Second, it’s the moving data between the shards (back and forth). Microsoft provides a tool to make Split, Merge and Data Movement easier. It does a good job, but has its limitations. To transfer data it uses good old SqlBulkCopy behind the scenes. That means it relies on the Shard Management database for data consistency. In practice it takes the sharding key (or the range of them) “offline”, copies data in batches (you can control the batch size though) and after all of the data is copied, it removes the data from the source shard and sets the key (or the range) back “online”. Note the quotation marks here. They mean that the chunk of data being transferred is off or online only for those who bother to check the Shard Management database. If you have some large tables it can take quite a long time to move sharding keys around and during that time some data either will not be available for your application (if it’s written properly to respect the current Shard Management configuration) or conversely, will be seen on two shards simultaneously (if it’s not).
Third, it’s the sharding key itself. It is difficult to choose a good one as you walk a very fine line here. Your sharding key must be such that all your shards are engaged when dealing with your usual workflow (otherwise you won’t see the expected scalability). That is, it’s best to have as few sharding keys as there are shards when the system is maxed out. So we are looking at a single or double (at the most) digit number. On the other hand it should be granular enough (possibly four or more digits) to provide a relatively smooth transition from a single shard configuration (for instance) to a few and back to a single one (remember that we are talking about elasticity here!). Also, you have to add this key to every sharded entity and all your communications now must include it so forget about sending just Order ID as you used to do!

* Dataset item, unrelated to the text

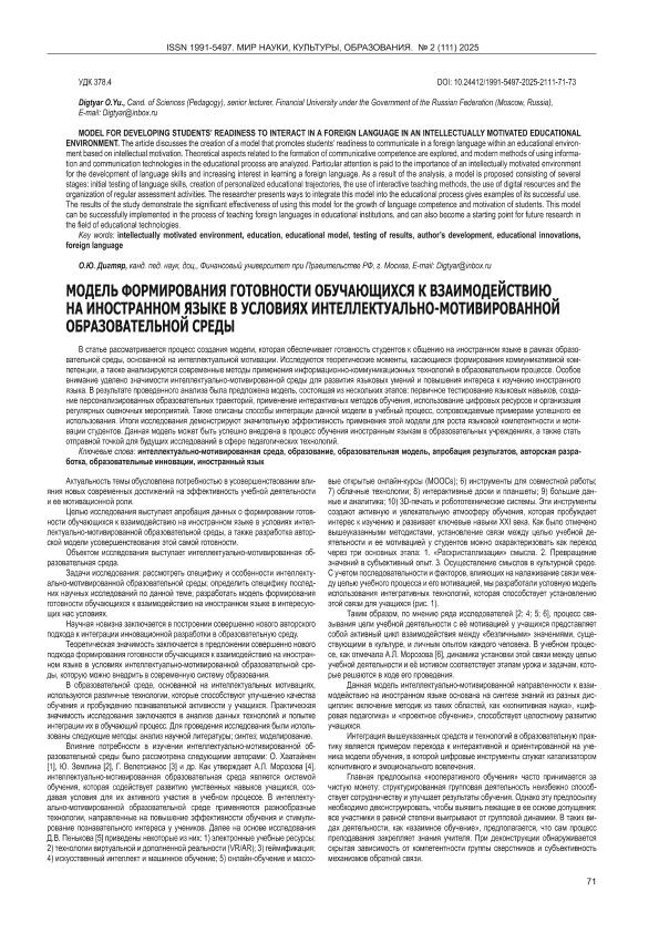 Дигтяр, О.Ю. Модель формирования готовности обучающихся к взаимодействию на иностранном языке в условиях интеллектуально-мотивированной образовательной среды // Мир науки, культуры, образования. – 2025. – № 2. — С. 71-73. — Только в электронном виде. — <URL:http://elib.fa.ru/art2025/bv1491.pdf>.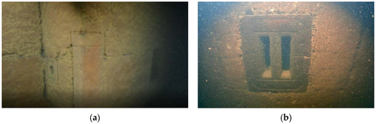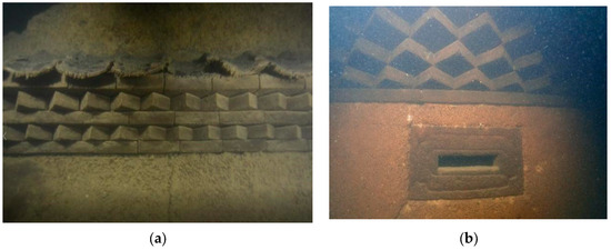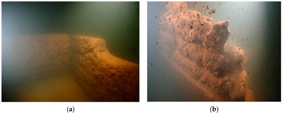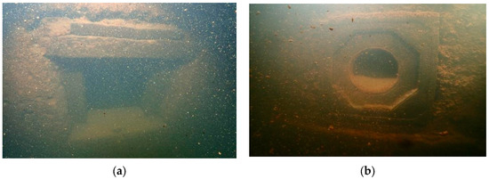 The villages and market towns are dotted with many Hakka sijiaolou buildings. Initial findings from sonar detection showed that certain parts of the walls were preserved. Thus, we arranged for underwater archaeologists to dive into the water for further examination. Through the underwater survey, we found that the roofs of most of the sijiaolou buildings were demolished (Figure 54). Because the walls were mostly made of rammed gray sand with higher solidness, some were retained. From the remnants of these walls, we can see that the original building had wainscoting made of rock slabs. The walls had several defensive gunshot and ventilation holes, and the four corners of each building were all tilted (Figure 55, Figure 56 and Figure 57). These were all iconic features of a typical Hakka sijiaolou building [8]. These Hakka dwellings with sijiaolou towers are different from the surrounding Hakka dwellings in Meizhou, Ganzhou, and Longyan [4]. They carry the typical features of Hakka architecture along the Dongjiang River, and once again demonstrate that the customs of the Hakka people near the Dongjiang River are distinct from their counterparts in neighboring areas. This is closely related to the commercial development in the area and need to store goods, displaying a strong geographical feature.

Would I use this approach for a new project where I anticipate a high load from the beginning and all the time? Maybe. For a system where I want to accommodate some seasonal traffic? Not so sure.
Azure SQL Data Warehouse
I know this was not designed to handle OLTP (and especially e-commerce) traffic. But as the concept looked really promising from elasticity standpoint I decided to have a closer look anyway (to be honest, I was toying with an idea of using it as a regular database).
Beneath the surface, it uses 60 distributions (the equivalent of shards) each with its own storage. You can think of them as of independent databases. A query will be parsed and sent to either one or all distributions for execution. The results will be gathered through temporary tables (if more than one distribution is involved). When you scale it, it moves some distributions to other nodes so ultimately you can have as many as 60 of them (quite a lot of power, isn’t it?). Since every distribution has its own storage, it seems the distribution does not have to transfer the data themselves, thus making the transition fast. My test showed (and Microsoft later confirmed it) that Azure SQL Data Warehouse does not have a full-fledged distribution elimination feature. Obviously it does it for inserts but that’s all. Selects and updates will be run on all distributions (that’s 60 queries!), no matter what distribution keys are involved. And even with pure inserts I could not see any performance benefits from scaling from one to a few nodes (I tried up to 6 of them). Apparently almost all the time is spent on parsing (it does not cache query plans), sending queries to distributions, and fetching data back to the control node. That said, it still should demonstrate noticeable scalability with real OLAP traffic (long running queries churning through a lot of data).
For those of you who want to use it - a few more observations. Many features we take for granted for SQL Server are missing here. Primary and unique keys, all DRI constraints, and identity, to name a few. It supports only one transaction isolation level – read uncommitted. The T-SQL language itself is also a bit different. One of the most widely used features, like an ability to populate variables using the select operator, is missing. In Azure SQL Data Warehouse you can only use the operator set for it.
Discussion
In my opinion, your best bet for an elastic database for now is Azure SQL Database. It scales reasonably well for many applications, does not bring extra complexity to your systems and (most important, at least in my eyes) the scaling itself is smooth and undemanding. Just follow the separation of concerns principle in your designs to keep your databases reasonably compact. For instance, keep order related objects in one database, and customer related ones in another.
All that said, I think that the search for elasticity is still on as none of these solutions quite cut it. In conclusion, I’d like to indulge myself in some kind of a dreaming exercise. What do I see as an ultimate elastic database? Here is my recipe.
Take Azure SQL Data Warehouse (multiple distributions, each with its own storage).
Drastically improve distribution elimination.
Allow to choose the tier(s) when scaling (like for Azure SQL Database), at least for the control node vs. the others.
Add support for most prominent SQL features we are accustomed to, like identity and DRI constraints.
Improve T-SQL language compatibility (at least add support for some very basic features like select to a variable).
Will Microsoft be willing to cook?